The dream-speaker shook her head. "Not at all."

"Is this my speaking, then? Only more mysteries and unanswered questions?"

"You haven’t had the speaking yet," Tisana answered.

"Forgive my impatience."

"No forgiveness is needed. Come, give me your hands, and I’ll make a speaking for you." She reached for him across the table, and grasped and held him, and after a long while said, "You have fallen from a high place, and now you must begin to climb back to it."

He grinned. "A high place?"

"The highest."

"The highest place on Majipoor," he said lightly, "is the summit of Castle Mount.
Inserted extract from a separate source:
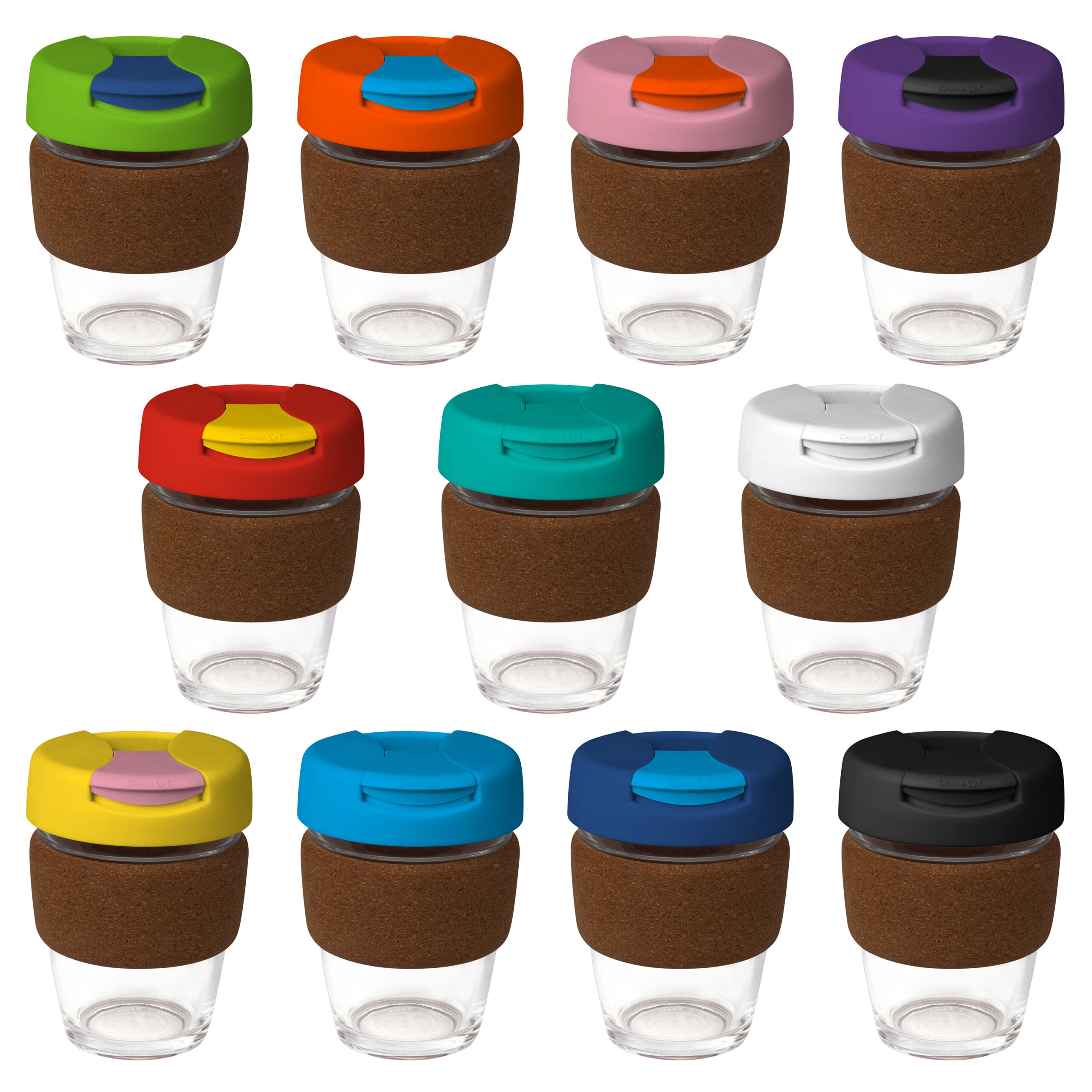 Coffee Cup / Mug 12oz/340ml Glass Karma Kup Cork Band Plastic Flip Lid Reusable Eco Friendly

Is that where you would have me climb?"

"There, yes."

"A very steep ascent you lay upon me. I could spend my entire life reaching and climbing that place."

"Nevertheless, Lord Valentine, that ascent awaits you, and it is not I who lays it on you."

He gasped at her use of the royal title to him, and then burst out laughing at the grossness of it, the tastelessness of her joke. "Lord Valentine! Lord Valentine? No, you do me far too much honor, Madame Tlsana. Not Lord Valentine. Only Valentine, Valentine the juggler, is all, the newest of the troupe of Zalzan Kavol the Skandar."

Her gaze rested steadily on him. Quietly she said, "I beg your pardon. I meant no offense."